Scattered, Freaked Out, and Moving Forward

I had my first seizure in 20ll. I was forty-one. The seizure was a big one. I continued to have them, and I still experience auras, partials, and complex partial seizing, though it is less frequent than it was just a few months ago.  After 3 1/2 years, I finally received a diagnosis. I have medial temporal lobe epilepsy with involvement in both the right and left lobes.

A short time after receiving a diagnosis, my 17-year old-nephew died in a car accident. Topping it off was the news that my sister (mama to my deceased nephew) has cancer. The last few years have brought shock, denial, grief, and deep depression.
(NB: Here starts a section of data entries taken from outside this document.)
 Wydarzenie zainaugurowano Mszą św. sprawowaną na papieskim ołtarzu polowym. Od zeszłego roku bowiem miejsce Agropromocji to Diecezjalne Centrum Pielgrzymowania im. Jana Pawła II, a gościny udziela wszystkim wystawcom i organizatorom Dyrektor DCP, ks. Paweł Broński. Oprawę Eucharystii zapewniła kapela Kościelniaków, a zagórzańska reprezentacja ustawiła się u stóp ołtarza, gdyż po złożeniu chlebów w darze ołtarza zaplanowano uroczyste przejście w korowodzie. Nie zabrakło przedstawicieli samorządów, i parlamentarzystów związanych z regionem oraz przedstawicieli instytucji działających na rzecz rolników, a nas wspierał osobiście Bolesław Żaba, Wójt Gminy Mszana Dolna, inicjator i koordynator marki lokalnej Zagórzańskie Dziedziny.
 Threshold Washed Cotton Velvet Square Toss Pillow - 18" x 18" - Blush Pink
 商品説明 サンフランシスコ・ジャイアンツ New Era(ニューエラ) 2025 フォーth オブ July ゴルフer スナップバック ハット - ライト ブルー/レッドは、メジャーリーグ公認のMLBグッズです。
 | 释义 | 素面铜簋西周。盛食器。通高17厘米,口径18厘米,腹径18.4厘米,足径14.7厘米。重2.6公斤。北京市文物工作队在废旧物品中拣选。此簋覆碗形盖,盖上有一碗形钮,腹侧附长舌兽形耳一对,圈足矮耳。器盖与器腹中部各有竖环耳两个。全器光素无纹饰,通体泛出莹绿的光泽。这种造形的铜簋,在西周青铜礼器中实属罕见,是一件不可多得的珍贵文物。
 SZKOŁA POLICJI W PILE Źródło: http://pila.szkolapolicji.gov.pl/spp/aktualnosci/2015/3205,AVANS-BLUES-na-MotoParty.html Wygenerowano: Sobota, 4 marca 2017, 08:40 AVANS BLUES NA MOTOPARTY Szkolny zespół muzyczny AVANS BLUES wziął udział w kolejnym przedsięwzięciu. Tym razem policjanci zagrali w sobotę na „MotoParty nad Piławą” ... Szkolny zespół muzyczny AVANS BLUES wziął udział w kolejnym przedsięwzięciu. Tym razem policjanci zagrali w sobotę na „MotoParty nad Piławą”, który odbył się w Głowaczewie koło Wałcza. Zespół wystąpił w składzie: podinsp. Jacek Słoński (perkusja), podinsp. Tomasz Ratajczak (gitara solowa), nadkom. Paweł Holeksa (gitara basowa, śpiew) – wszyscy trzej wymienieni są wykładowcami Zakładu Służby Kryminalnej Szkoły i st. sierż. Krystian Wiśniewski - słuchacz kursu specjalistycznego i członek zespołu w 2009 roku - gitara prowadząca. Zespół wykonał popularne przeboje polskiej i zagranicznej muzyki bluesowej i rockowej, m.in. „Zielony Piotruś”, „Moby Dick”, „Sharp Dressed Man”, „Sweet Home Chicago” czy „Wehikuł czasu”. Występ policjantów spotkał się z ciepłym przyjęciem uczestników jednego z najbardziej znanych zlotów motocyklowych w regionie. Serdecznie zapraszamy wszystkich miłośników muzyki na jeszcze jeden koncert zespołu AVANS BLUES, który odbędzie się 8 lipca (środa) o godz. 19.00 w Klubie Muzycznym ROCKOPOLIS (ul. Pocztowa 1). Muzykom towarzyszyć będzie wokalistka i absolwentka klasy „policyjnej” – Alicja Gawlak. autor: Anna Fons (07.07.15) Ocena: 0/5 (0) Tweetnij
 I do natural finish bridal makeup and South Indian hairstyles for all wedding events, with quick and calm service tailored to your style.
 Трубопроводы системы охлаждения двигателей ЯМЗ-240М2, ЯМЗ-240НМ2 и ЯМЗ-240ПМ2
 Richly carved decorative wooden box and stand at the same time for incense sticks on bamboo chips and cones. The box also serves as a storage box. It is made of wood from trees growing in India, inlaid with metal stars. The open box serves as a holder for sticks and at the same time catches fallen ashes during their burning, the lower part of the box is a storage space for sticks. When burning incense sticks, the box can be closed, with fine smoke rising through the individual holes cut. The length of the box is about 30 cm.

I am not informing everyone of this because I want pity. There are many who have gone through much worse. My sister had surgery and she will be okay as far as the cancer is concerned. Still, her son is dead. There’s no question that recent life has been much more of a struggle for her. She cries, prays, and smiles between the tears. She stays faithful to God. She throws herself into caring for her family and a dozen teenagers who miss Danny. She’s an inspiration to me.

I’ve been less productive and have not been writing as steadily as I was before all this started,. I have started to write many times. I have published a blog post here and there, published the occasional health and fitness article, and made the public declaration that I am going to complete NaNoWriMo. This challenge begins in less than a month.

What was I thinking?  Now I have to do it.

P.S. If you have experienced National Novel Writing Month, I welcome all the advice you can give me!